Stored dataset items
++++++

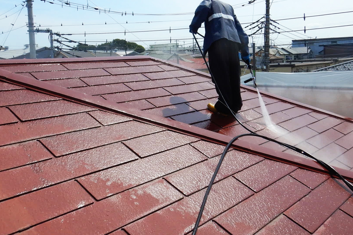 まず、屋根を高圧洗浄して汚れを落とします。洗浄を軽視してはいけません。
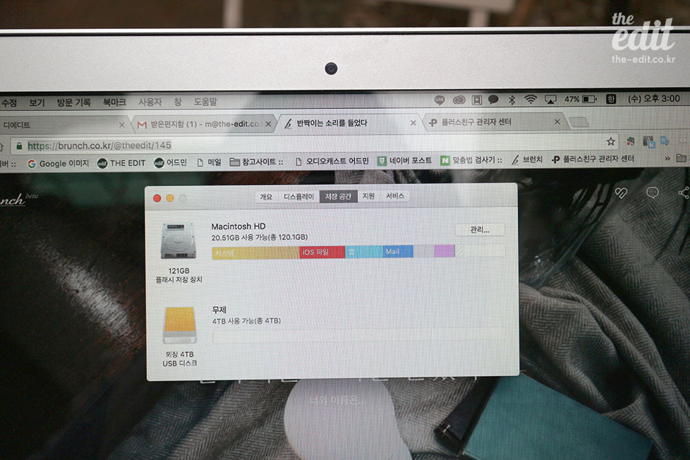 촬영할 때는 에디터M의 맥북 에어에 연결했었는데, 아니 세상에 이럴수가. 512GB가 비좁다고 투정하던 내가 사치스럽게 여겨질 정도다. 에디터M의 맥북에 사용 가능한 공간은 고작 20GB. 늘 숨이 헐떡거리는 상태다. 하나를 저장하려면 하나를 지워야 한다고. 내가 얌체처럼 내 것만 마련했는데, 에디터M이야 말로 외장 하드가 필요할 것 같다. 연말 선물로 사줘야하나. M, 무슨 색을 원하니? 선물은 원래 후끈한 마음을 담아 빨간 색이 제일 좋은데 말이지. 아마 올해 마지막 선물이 되겠네.
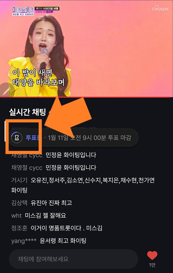 5. 미스트롯3 화면에서 "투표하기"를 부드럽게 눌러 줍니다.
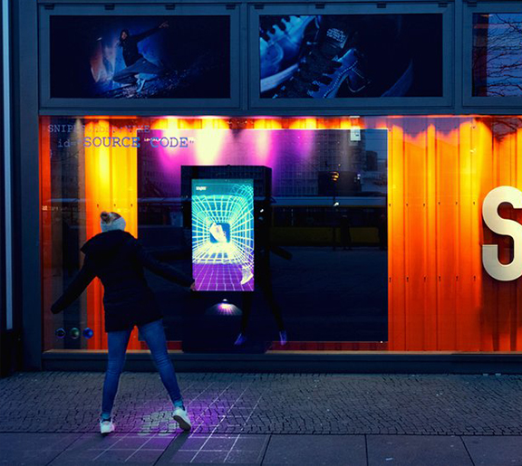 For the premiere of a new sneaker series, we created an installation which let the user flight through a "world of source code". The user interacts by moving with his body to avoid obstacles in his way. The storefront experience was placed simultaniously in several snipes stores in europe ( Paris, Amsterdam, Berlin ...).
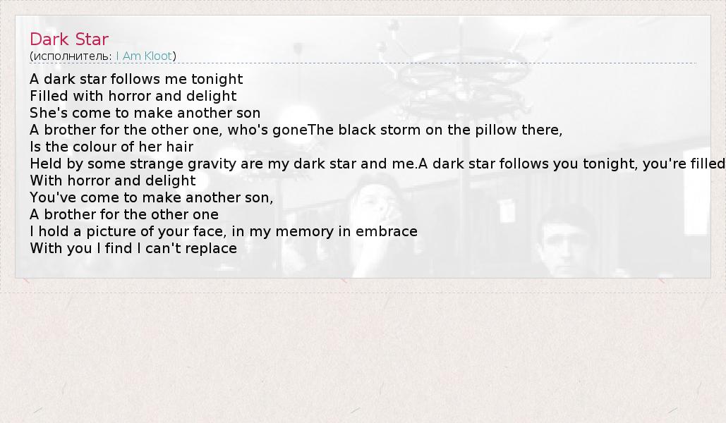 Held by some strange gravity are my dark star and me.A dark star follows you tonight, you're filled
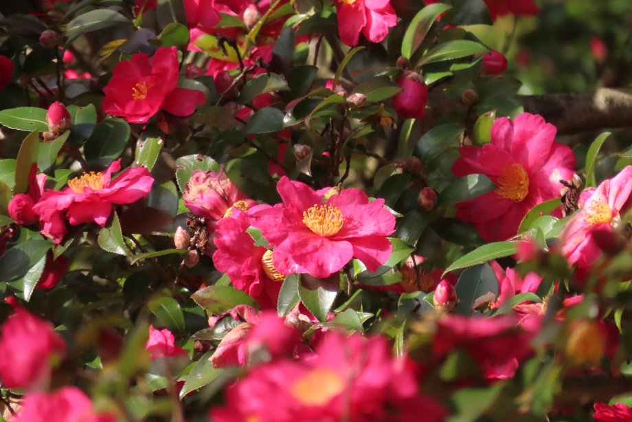 山茶花は満開に、椿は咲き始めたところです
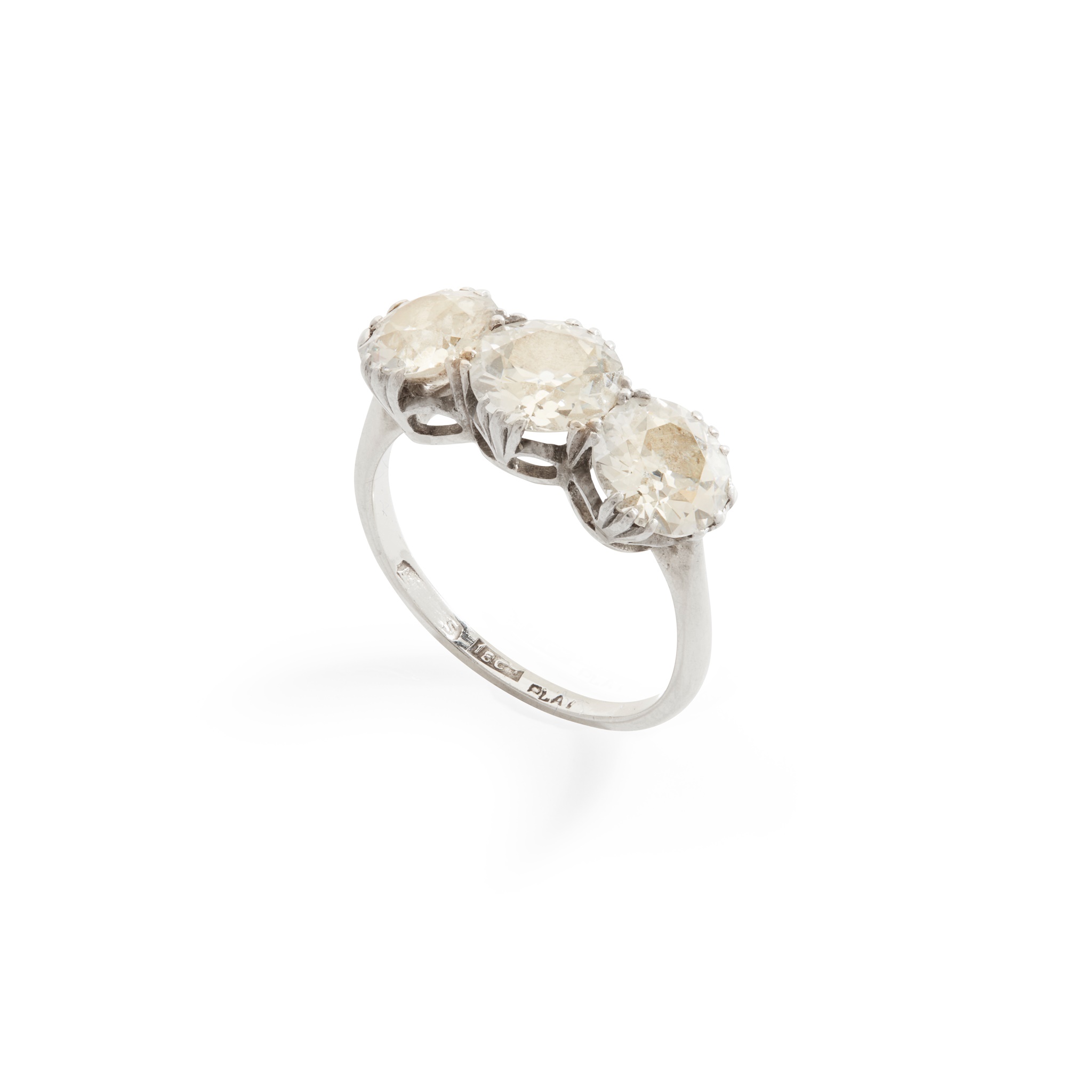 claw-set with three graduated old round-cut diamonds, stamped 18CT PLAT
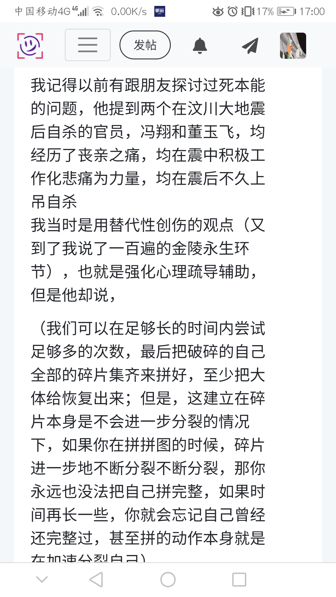 我记得以前有跟朋友探讨过死本能的问题,他提到两个在汶川大地震后自杀的官员,冯翔和董玉飞,均经历了丧亲之痛,均在震中积极工作化悲痛为力量,均在震后不久上吊自杀
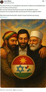“Bir Müslüman Kürt olarak şunu söylüyorum: Kürtlerin Ortadoğu’daki kardeşleri Yahudiler ve Dürzilerdir. Hiç kimse Kürtlere Müslümanlar kadar zarar vermedi. Yahudilere ve Dürzilere yanlış yapan karşısında bizi bulur. Tanrı Kürt-Yahudi-Dürzi kardeşliğini güçlü kılsın.”
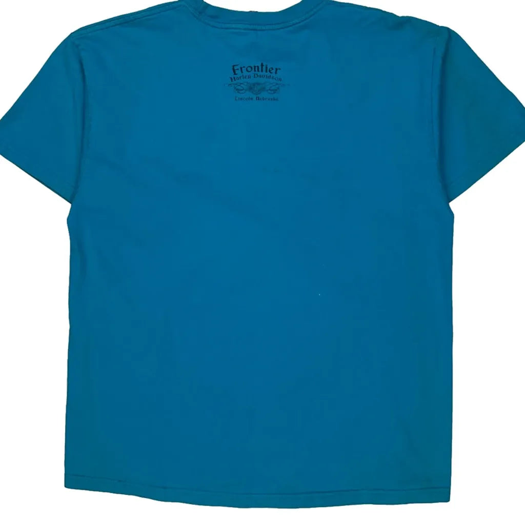 Harley Davidson Graphic T-Shirt - Large Blue Cotton

++++++

## [INSTRUCTIONS TO FOLLOW]
Give the data back exactly, omitting all pictures.

## [SOLUTION TO THE EXERCISE]
 まず、屋根を高圧洗浄して汚れを落とします。洗浄を軽視してはいけません。
 촬영할 때는 에디터M의 맥북 에어에 연결했었는데, 아니 세상에 이럴수가. 512GB가 비좁다고 투정하던 내가 사치스럽게 여겨질 정도다. 에디터M의 맥북에 사용 가능한 공간은 고작 20GB. 늘 숨이 헐떡거리는 상태다. 하나를 저장하려면 하나를 지워야 한다고. 내가 얌체처럼 내 것만 마련했는데, 에디터M이야 말로 외장 하드가 필요할 것 같다. 연말 선물로 사줘야하나. M, 무슨 색을 원하니? 선물은 원래 후끈한 마음을 담아 빨간 색이 제일 좋은데 말이지. 아마 올해 마지막 선물이 되겠네.
 5. 미스트롯3 화면에서 "투표하기"를 부드럽게 눌러 줍니다.
 For the premiere of a new sneaker series, we created an installation which let the user flight through a "world of source code". The user interacts by moving with his body to avoid obstacles in his way. The storefront experience was placed simultaniously in several snipes stores in europe ( Paris, Amsterdam, Berlin ...).
 Held by some strange gravity are my dark star and me.A dark star follows you tonight, you're filled
 山茶花は満開に、椿は咲き始めたところです
 claw-set with three graduated old round-cut diamonds, stamped 18CT PLAT
 我记得以前有跟朋友探讨过死本能的问题,他提到两个在汶川大地震后自杀的官员,冯翔和董玉飞,均经历了丧亲之痛,均在震中积极工作化悲痛为力量,均在震后不久上吊自杀
“Bir Müslüman Kürt olarak şunu söylüyorum: Kürtlerin Ortadoğu’daki kardeşleri Yahudiler ve Dürzilerdir. Hiç kimse Kürtlere Müslümanlar kadar zarar vermedi. Yahudilere ve Dürzilere yanlış yapan karşısında bizi bulur. Tanrı Kürt-Yahudi-Dürzi kardeşliğini güçlü kılsın.”
 Harley Davidson Graphic T-Shirt - Large Blue Cotton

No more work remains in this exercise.